Under the Empire Apolonia remained a prosperous center, but begun to decline as the Vjosa silted up and the coastline changed after the earthquake.
The Excavations and the Monuments of Apolonia
The first attempts to conduct excavations in Apolonia were made during the first World War, by Austrian archaeologists who unearthed and explored mainly the walls that encircled the city. Systematic excavations began in 1824 by a French archaeological mission directed by Leon Rey, who brought to light a complex of monuments at the center of the city. A lot of excavations have been made by Albanian archaeologists during the last 40 years. Many objects are exhibited in the museum which has been the monastery of St. Mary.
The Monument of Agonothetes
This monument decorated the center of the city. The structure had the form of a semicircle and served as an assembly place of the council of the city – the Bule. The front part of the structure was decorated in a special manner: there are 6 pillars crowned with capitals of the Corinthian style. An inscription dating from the middle of the 2nd century A.D. tells that the building was constructed by high ranking officers of the city, a monument with the purpose of commemorating the death of his soldier brother. On the day of the inauguration of the monument, a show was staged in the city with the participation of 25 couples of gladiators. On the western side, from the top of the monumental structure, the tourists can see the ruins of the small temple of Artemis (Diana). At the eastern side there is a street which passes under a triumphal arch. On the opposite side of the monument of the Agonothetes, there is a colonnade decorated with marble statues. The Library and the Odeon
This structure rises behind the colonnade. Opposite the monument of Aganothetes stands an Odeon or ‘small theatre’ for 200 spectators. The building had a stage, an orchestra and tiers. There they gave musical shows, recitals, and held oratorical and philosophical discussions. The House with Mosaics
A couple of meters away was cavated a rich Apolonian dwelling house of the 3rd century A.D.: The mosaics are of all types. There are mosaics where the main decorative motives are simple geometric figures, others have ornamental mythological figures like : hypocamposes (seahorses), accompanied by Nereids and Erotes. One of the mosaics represents a scene where Archiles holds the wounded Penthesilea, the beautiful queen of Amazones, in his arms.

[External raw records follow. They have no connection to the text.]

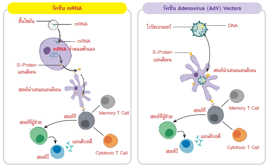 วัคซีน mRNA และวัคซีน Adenovirus (AdV) Vectors เมื่อเข้าสู่ร่างกายจะมีกลไกกระตุ้นระบบภูมิคุ้มกันแบบเดียวกันแต่ตัวรับในร่างกาย (Toll-Like Receptor) ที่จับกับแอนติเจนแตกต่างกัน โดยวัคซีน mRNA มีตัวรับเป็น Toll-Like Receptor 7 (TLR7) และ MDA5 ส่วนวัคซีน Adenovirus (AdV) Vectors มีตัวรับเป็น Toll-Like Receptor 9 (TLR9) แล้วกระตุ้นการสร้าง S-Protein (โปรตีนมือเกาะของไวรัส ซึ่งเป็นแอนติเจนรูปแบบหนึ่งขึ้นมา ทำให้เซลล์นำเสนอแอนติเจนมีการกระตุ้นเซลล์ที่ (T Cell) ให้สร้างเซลล์เม็ดเลือดขาวชนิด Memory T Cell และชนิด Cytotoxic T Cell ทำหน้าที่จดจำเชื้อและทำลายเซลล์ที่ติดเชื้อโรค ตามลำดับ ในขณะเดียวกันเซลล์ที่จะกระตุ้นเซลล์ที่ผู้ช่วย (Helper T Cell) ให้กระตุ้นการสร้างเซลล์บี (B Cel) เพื่อสร้างแอนติบอดีที่จำเพาะต่อเชื้อ SARS-CoV-2 และสร้างเซลล์ที่ทำหน้าที่จดจำ (Memory B Cell) เชื้อนั้นไว้ (Teijaro and Farber, 2021)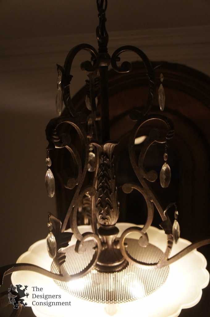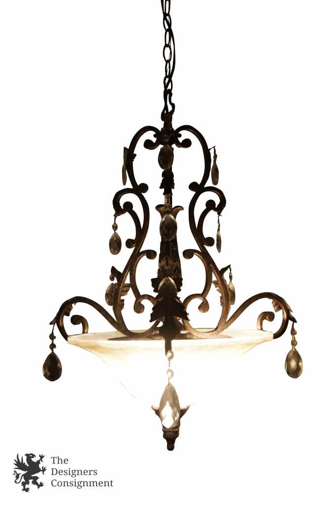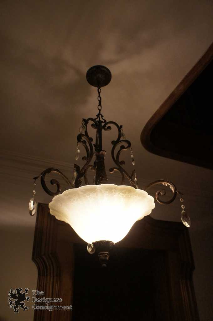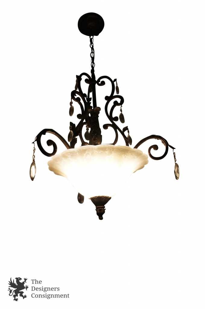A beautifully designed inverted pendant light with frosted globe. Made from Iron with octagonal and Swedish drop crystal prisms. The light is in traditional french styling with acanthus accents. A neat addition to any space.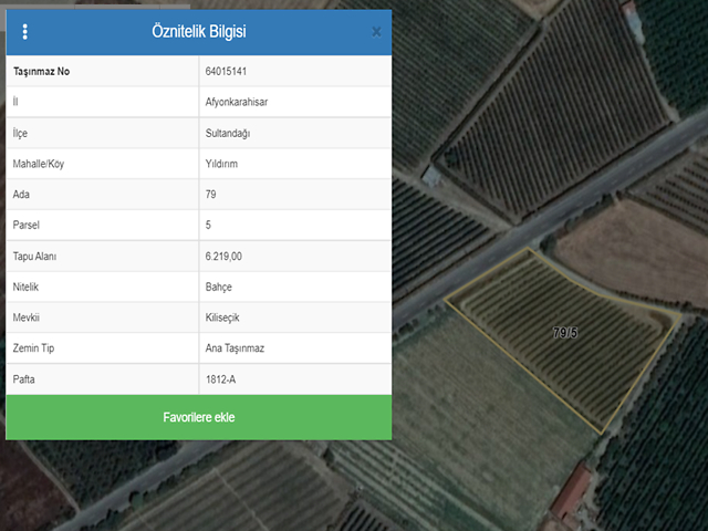 Özellikler: 79 ada 5 nolu parsel 6219 m2 alanlı olup Bahçe vasıflı taşınmazdır. Parselin üzerinde herhangi bir yapı ya da yapılaşma bulunmamaktadır. Parsel yamuk geometrik şekle sahip olup eğimsiz bir topografyaya sahiptir. Taşınmazın sınırlarını belirleyici olarak tel çit ile çevrili olduğu tespit edilmiştir. Parsel üzerinde elma ağaçlarının olduğu tespit edilmiştir. Parsel batı ve kuzey cephelerinden kadastro yoluna diğer cephelerden ise kadastro parsellerine cephelidir.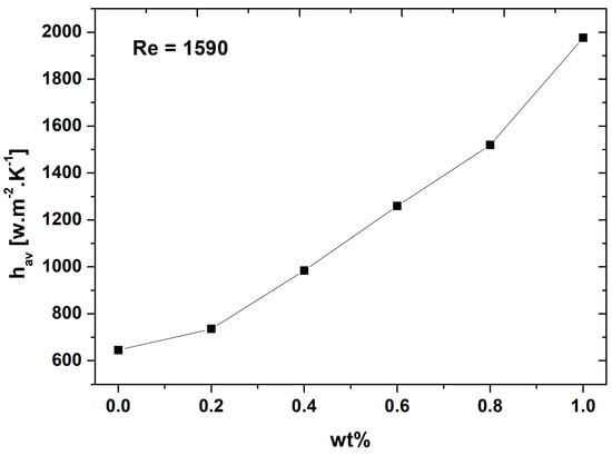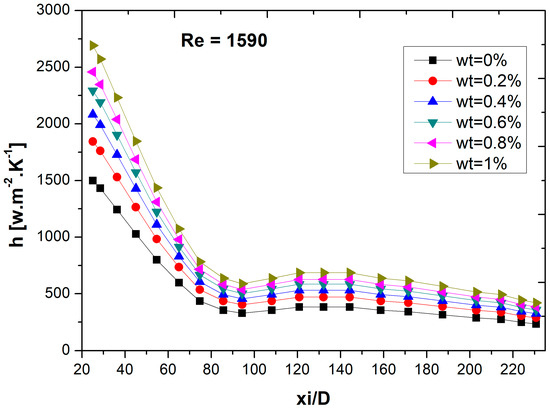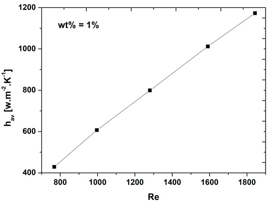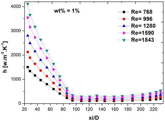 - Increase in the Reynolds number is accompanied by a significant increase in heat transfer coefficient which reaches its maximum of 1173 W·m−2·K−1 for wt% = 1% and Re = 1843.

The Fontana represents in itself a complex structure; it had a wall which collected the waters that sprang from the earth, and four other aqueducts.
The Museum of Apolonia
The Museum of Apollina has 7 pavilions, a gallery and 2 porticos. Here are exhibited different objects that testify to the history of Apolonia.
The Church of St. Mary
The Church of St. Mary is situated between the museum and the refectory. The church is of Byzantine style. The interiors of the church had once been painted, but today very few fragments from the mural paintings have remained. The church was built in the fourteenth century. The wall painting represents Emperor Andronicus Paleologus as the builder of the church. The refectory of the monastery was built at the same time as the church.